Exercise instructions: The reply should hold every line of the data below, unchanged, and none of the pictures.

Supplied material:

-- Opening Marker --

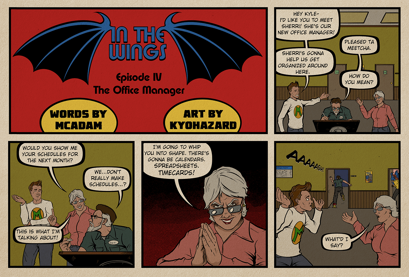 PANEL TWO: SHERRI kindly asks for the schedules. KYLE and MICHAEL look confused.
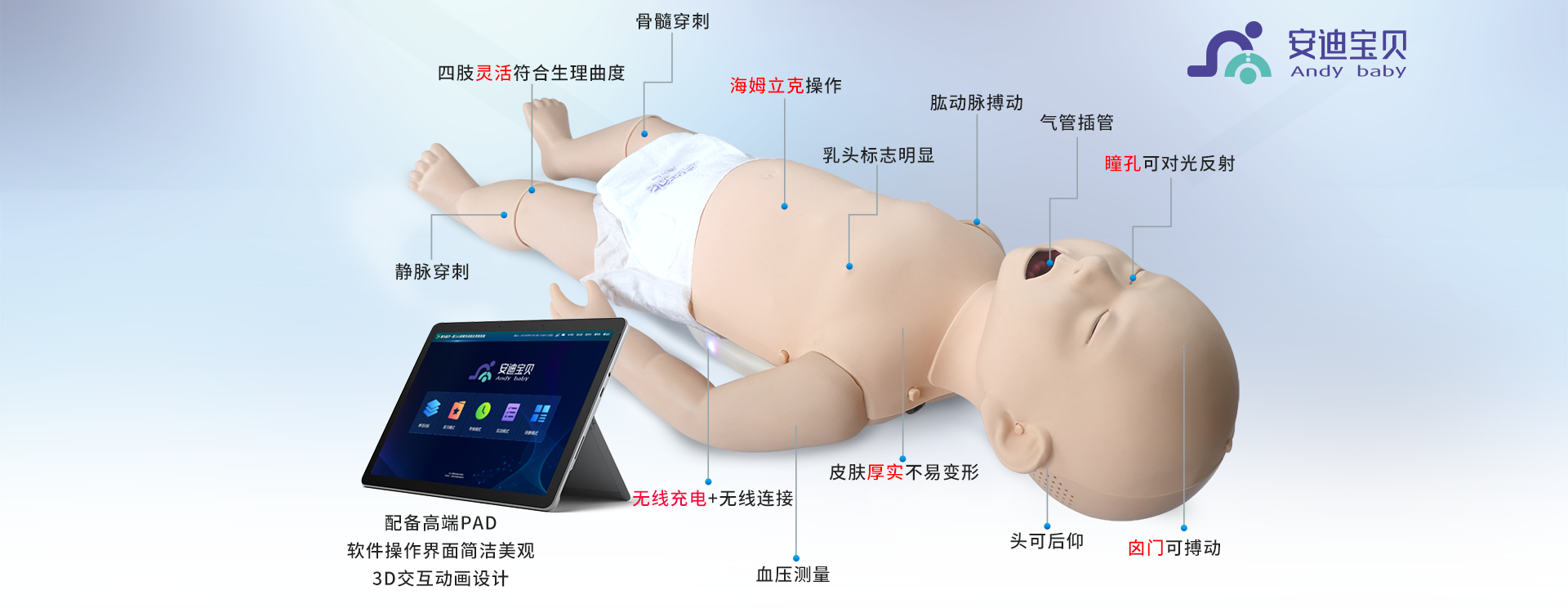 糢擬人爲高分子材料,環保(bao)無汚染;解剖標誌明顯,可觸及兩乳頭、肋骨(gu)、胷(xiong)骨及劒突(tu),便于撡(cao)作定位。
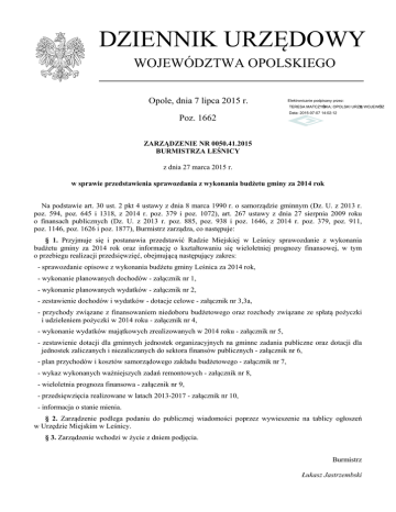 DZIENNIK URZĘDOWY WOJEWÓDZTWA OPOLSKIEGO Opole, dnia 7 lipca 2015 r. Elektronicznie podpisany przez: TERESA MATCZYŃSKA; OPOLSKI URZĄD WOJEWÓDZKI Poz. 1662 Data: 2015-07-07 14:02:12 ZARZĄDZENIE NR 0050.41.2015 BURMISTRZA LEŚNICY z dnia 27 marca 2015 r. w sprawie przedstawienia sprawozdania z wykonania budżetu gminy za 2014 rok Na podstawie art. 30 ust. 2 pkt 4 ustawy z dnia 8 marca 1990 r. o samorządzie gminnym (Dz. U. z 2013 r. poz. 594, poz. 645 i 1318, z 2014 r. poz. 379 i poz. 1072), art. 267 ustawy z dnia 27 sierpnia 2009 roku o finansach publicznych (Dz. U. z 2013 r. poz. 885, poz. 938 i poz. 1646, z 2014 r. poz. 379, poz. 911, poz. 1146, poz. 1626 i poz. 1877), Burmistrz zarządza, co następuje: § 1. Przyjmuje się i postanawia przedstawić Radzie Miejskiej w Leśnicy sprawozdanie z wykonania budżetu gminy za 2014 rok oraz informację o kształtowaniu się wieloletniej prognozy finansowej, w tym o przebiegu realizacji przedsięwzięć, obejmującą następujący zakres: - sprawozdanie opisowe z wykonania budżetu gminy Leśnica za 2014 rok, - wykonanie planowanych dochodów - załącznik nr 1, - wykonanie planowanych wydatków - załącznik nr 2, - zestawienie dochodów i wydatków - dotacje celowe - załącznik nr 3,3a, - przychody związane z finansowaniem niedoboru budżetowego oraz rozchody związane ze spłatą pożyczki i udzieleniem pożyczki w 2014 roku - załącznik nr 4, - wykonanie wydatków majątkowych zrealizowanych w 2014 roku - załącznik nr 5, - zestawienie dotacji dla gminnych jednostek organizacyjnych na gminne zadania publiczne oraz dotacji dla jednostek zaliczanych i niezaliczanych do sektora finansów publicznych - załącznik nr 6, - plan przychodów i kosztów samorządowego zakładu budżetowego - załącznik nr 7, - wykaz wykonanych ważniejszych zadań remontowych - załącznik nr 8, - wieloletnia prognoza finansowa - załącznik nr 9, - przedsięwzięcia realizowane w latach 2013-2017 - załącznik nr 10, - informacja o stanie mienia. § 2. Zarządzenie podlega podaniu do publicznej wiadomości poprzez wywieszenie na tablicy ogłoszeń w Urzędzie Miejskim w Leśnicy. § 3. Zarządzenie wchodzi w życie z dniem podjęcia. Burmistrz Łukasz Jastrzembski Dziennik Urzędowy Województwa Opolskiego –2– Poz. 1662 Załącznik do zarządzenia nr 0050.41.2015 Burmistrza Leśnicy z dnia 27 marca 2015 r. Sprawozdanie z wykonania budżetu gminy Leśnica za 2014 rok Realizując ustawowy obowiązek, wynikający z ustawy o finansach publicznych oraz postanowień uchwały Nr XL/198/13 z dnia 30 grudnia 2013 r. w sprawie uchwały budżetowej gminy na 2014 rok, przedstawia się poniżej sprawozdanie z wykonania tego budżetu. ZMIANY DOKONANE W BUDŻECIE UCHWALONYM Wielkość budżetu uchwalonego na 2014 rok zamykała się: - po stronie dochodów kwotą 25.226.253,-zł - po stronie przychodów kwotę 3.495.356,-zł - po stronie wydatków kwotą 27.921.609,-zł - po stronie rozchodów kwotą 800.000,-zł W 2014 roku Rada Miejska podjęła dwanaście uchwał zmieniających budżet gminy. Zarządzeniem Burmistrza wprowadzono siedemnaście zmian budżetu gminy i jedenaście zmian w budżecie gminy. Zmiany w planie wydatków polegały na dokonaniu przeniesień w dziale pomiędzy rozdziałami i paragrafami w zakresie wydatków bieżących i majątkowych, w celu urealnienia planu. Skala tych zmian przedstawia się następująco: - uchwałami Rady Miejskiej i zarządzeniami Burmistrza zwiększono dochody o kwotę 733.423,76 zł, przychody zwiększono o kwotę 1.366.870,00 zł, wydatki zwiększono o kwotę 1.998.423,76 zł i rozchody o kwotę 101.870,00 zł. Przychody zwiększono o: - nadwyżkę z lat ubiegłych Rozchody zwiększono o: - pożyczki udzielone - została udzielona pożyczka dla Leśnickiego Ośrodka Kultury i Rekreacji w Leśnicy +1.366.870,00 zł 101.870,00 zł Źródłem zmian i dodatkowych dochodów były: 1. Podatek dochodowy od osób prawnych (§ 0020) +7.000.00 zł z tego: - podatek dochodowy od osób prawnych +7.000,00 zł (dział 756) 2. Podatek od działalności gospodarczej +10.000.00 zł osób fizycznych, opłacany w formie karty podatkowej (§ 0350) z tego: - podatek od działalności gospodarczej +10.000,00 zł (dział 756) 3. Podatek od spadków i darowizn (§ 0360) +35.000,00 zł z tego: - podatek od spadków i darowizn +35.000,00 zł (dział 756) 4. Opłata od posiadania psów (§ 0370) -1.700,00 zł z tego: - opłata od posiadania psów -1.700,00 zł (dział 756) 5. Wpływy z innych lokalnych opłat pobieranych +827,00 zł przez jednostki samorządu terytorialnego na podstawie odrębnych ustaw (§ 0490) z tego: - opłata za korzystanie z przystanków autobusowych +827,00 zł (dział 600) Dziennik Urzędowy Województwa Opolskiego –3– 6. Podatek od czynności cywilnoprawnych (§ 0500) +40.000,00 zł z tego: - od osób prawnych +40.000,00 zł (dział 756) 7. Grzywny, mandaty i inne kary od osób +40,00 zł fizycznych (§ 0570) z tego: - odszkodowanie za bezumowne użytkowanie +40,00 zł (dział 700) działki 8. Grzywny i inne kary pieniężne od osób prawnych +4.000,00 zł i innych jednostek organizacyjnych (§ 0580) z tego: - kara umowna +4.000,00 zł (dział 600) 9. Wpływy z różnych opłat (§ 0690) -91.836.00 zł z tego: - odpłatność rodzin za pobyt mieszkańców gminy +9.164,00 zł (dział 852) umieszczonych w domu pomocy społecznej - wpływy z tytułu opłat i kar -101.000,00 zł (dział 900) 10. Wpływy z tytułu przekształcenia prawa +22.850.00 zł użytkowania wieczystego przysługującego osobom fizycznym w prawo własności (§ 0760) z tego: - wpływy z tytułu przekształcenia prawa +22.850,00 zł (dział 700) użytkowania wieczystego 11. Wpływy z usług (§ 0830) +325.-zł z tego: - wykonanie kserokopii dokumentacji na budowę +325,00 zł (dział 921) przyłącza do projektowania złącza kablowopomiarowego do Klubu w Łąkach Kozielskich 12. Odsetki od nieterminowych wpłat z tytułu podatków +28.000,00 zł

-- Closing Marker --

Finished exercise:
 PANEL TWO: SHERRI kindly asks for the schedules. KYLE and MICHAEL look confused.
 糢擬人爲高分子材料,環保(bao)無汚染;解剖標誌明顯,可觸及兩乳頭、肋骨(gu)、胷(xiong)骨及劒突(tu),便于撡(cao)作定位。
 DZIENNIK URZĘDOWY WOJEWÓDZTWA OPOLSKIEGO Opole, dnia 7 lipca 2015 r. Elektronicznie podpisany przez: TERESA MATCZYŃSKA; OPOLSKI URZĄD WOJEWÓDZKI Poz. 1662 Data: 2015-07-07 14:02:12 ZARZĄDZENIE NR 0050.41.2015 BURMISTRZA LEŚNICY z dnia 27 marca 2015 r. w sprawie przedstawienia sprawozdania z wykonania budżetu gminy za 2014 rok Na podstawie art. 30 ust. 2 pkt 4 ustawy z dnia 8 marca 1990 r. o samorządzie gminnym (Dz. U. z 2013 r. poz. 594, poz. 645 i 1318, z 2014 r. poz. 379 i poz. 1072), art. 267 ustawy z dnia 27 sierpnia 2009 roku o finansach publicznych (Dz. U. z 2013 r. poz. 885, poz. 938 i poz. 1646, z 2014 r. poz. 379, poz. 911, poz. 1146, poz. 1626 i poz. 1877), Burmistrz zarządza, co następuje: § 1. Przyjmuje się i postanawia przedstawić Radzie Miejskiej w Leśnicy sprawozdanie z wykonania budżetu gminy za 2014 rok oraz informację o kształtowaniu się wieloletniej prognozy finansowej, w tym o przebiegu realizacji przedsięwzięć, obejmującą następujący zakres: - sprawozdanie opisowe z wykonania budżetu gminy Leśnica za 2014 rok, - wykonanie planowanych dochodów - załącznik nr 1, - wykonanie planowanych wydatków - załącznik nr 2, - zestawienie dochodów i wydatków - dotacje celowe - załącznik nr 3,3a, - przychody związane z finansowaniem niedoboru budżetowego oraz rozchody związane ze spłatą pożyczki i udzieleniem pożyczki w 2014 roku - załącznik nr 4, - wykonanie wydatków majątkowych zrealizowanych w 2014 roku - załącznik nr 5, - zestawienie dotacji dla gminnych jednostek organizacyjnych na gminne zadania publiczne oraz dotacji dla jednostek zaliczanych i niezaliczanych do sektora finansów publicznych - załącznik nr 6, - plan przychodów i kosztów samorządowego zakładu budżetowego - załącznik nr 7, - wykaz wykonanych ważniejszych zadań remontowych - załącznik nr 8, - wieloletnia prognoza finansowa - załącznik nr 9, - przedsięwzięcia realizowane w latach 2013-2017 - załącznik nr 10, - informacja o stanie mienia. § 2. Zarządzenie podlega podaniu do publicznej wiadomości poprzez wywieszenie na tablicy ogłoszeń w Urzędzie Miejskim w Leśnicy. § 3. Zarządzenie wchodzi w życie z dniem podjęcia. Burmistrz Łukasz Jastrzembski Dziennik Urzędowy Województwa Opolskiego –2– Poz. 1662 Załącznik do zarządzenia nr 0050.41.2015 Burmistrza Leśnicy z dnia 27 marca 2015 r. Sprawozdanie z wykonania budżetu gminy Leśnica za 2014 rok Realizując ustawowy obowiązek, wynikający z ustawy o finansach publicznych oraz postanowień uchwały Nr XL/198/13 z dnia 30 grudnia 2013 r. w sprawie uchwały budżetowej gminy na 2014 rok, przedstawia się poniżej sprawozdanie z wykonania tego budżetu. ZMIANY DOKONANE W BUDŻECIE UCHWALONYM Wielkość budżetu uchwalonego na 2014 rok zamykała się: - po stronie dochodów kwotą 25.226.253,-zł - po stronie przychodów kwotę 3.495.356,-zł - po stronie wydatków kwotą 27.921.609,-zł - po stronie rozchodów kwotą 800.000,-zł W 2014 roku Rada Miejska podjęła dwanaście uchwał zmieniających budżet gminy. Zarządzeniem Burmistrza wprowadzono siedemnaście zmian budżetu gminy i jedenaście zmian w budżecie gminy. Zmiany w planie wydatków polegały na dokonaniu przeniesień w dziale pomiędzy rozdziałami i paragrafami w zakresie wydatków bieżących i majątkowych, w celu urealnienia planu. Skala tych zmian przedstawia się następująco: - uchwałami Rady Miejskiej i zarządzeniami Burmistrza zwiększono dochody o kwotę 733.423,76 zł, przychody zwiększono o kwotę 1.366.870,00 zł, wydatki zwiększono o kwotę 1.998.423,76 zł i rozchody o kwotę 101.870,00 zł. Przychody zwiększono o: - nadwyżkę z lat ubiegłych Rozchody zwiększono o: - pożyczki udzielone - została udzielona pożyczka dla Leśnickiego Ośrodka Kultury i Rekreacji w Leśnicy +1.366.870,00 zł 101.870,00 zł Źródłem zmian i dodatkowych dochodów były: 1. Podatek dochodowy od osób prawnych (§ 0020) +7.000.00 zł z tego: - podatek dochodowy od osób prawnych +7.000,00 zł (dział 756) 2. Podatek od działalności gospodarczej +10.000.00 zł osób fizycznych, opłacany w formie karty podatkowej (§ 0350) z tego: - podatek od działalności gospodarczej +10.000,00 zł (dział 756) 3. Podatek od spadków i darowizn (§ 0360) +35.000,00 zł z tego: - podatek od spadków i darowizn +35.000,00 zł (dział 756) 4. Opłata od posiadania psów (§ 0370) -1.700,00 zł z tego: - opłata od posiadania psów -1.700,00 zł (dział 756) 5. Wpływy z innych lokalnych opłat pobieranych +827,00 zł przez jednostki samorządu terytorialnego na podstawie odrębnych ustaw (§ 0490) z tego: - opłata za korzystanie z przystanków autobusowych +827,00 zł (dział 600) Dziennik Urzędowy Województwa Opolskiego –3– 6. Podatek od czynności cywilnoprawnych (§ 0500) +40.000,00 zł z tego: - od osób prawnych +40.000,00 zł (dział 756) 7. Grzywny, mandaty i inne kary od osób +40,00 zł fizycznych (§ 0570) z tego: - odszkodowanie za bezumowne użytkowanie +40,00 zł (dział 700) działki 8. Grzywny i inne kary pieniężne od osób prawnych +4.000,00 zł i innych jednostek organizacyjnych (§ 0580) z tego: - kara umowna +4.000,00 zł (dział 600) 9. Wpływy z różnych opłat (§ 0690) -91.836.00 zł z tego: - odpłatność rodzin za pobyt mieszkańców gminy +9.164,00 zł (dział 852) umieszczonych w domu pomocy społecznej - wpływy z tytułu opłat i kar -101.000,00 zł (dział 900) 10. Wpływy z tytułu przekształcenia prawa +22.850.00 zł użytkowania wieczystego przysługującego osobom fizycznym w prawo własności (§ 0760) z tego: - wpływy z tytułu przekształcenia prawa +22.850,00 zł (dział 700) użytkowania wieczystego 11. Wpływy z usług (§ 0830) +325.-zł z tego: - wykonanie kserokopii dokumentacji na budowę +325,00 zł (dział 921) przyłącza do projektowania złącza kablowopomiarowego do Klubu w Łąkach Kozielskich 12. Odsetki od nieterminowych wpłat z tytułu podatków +28.000,00 zł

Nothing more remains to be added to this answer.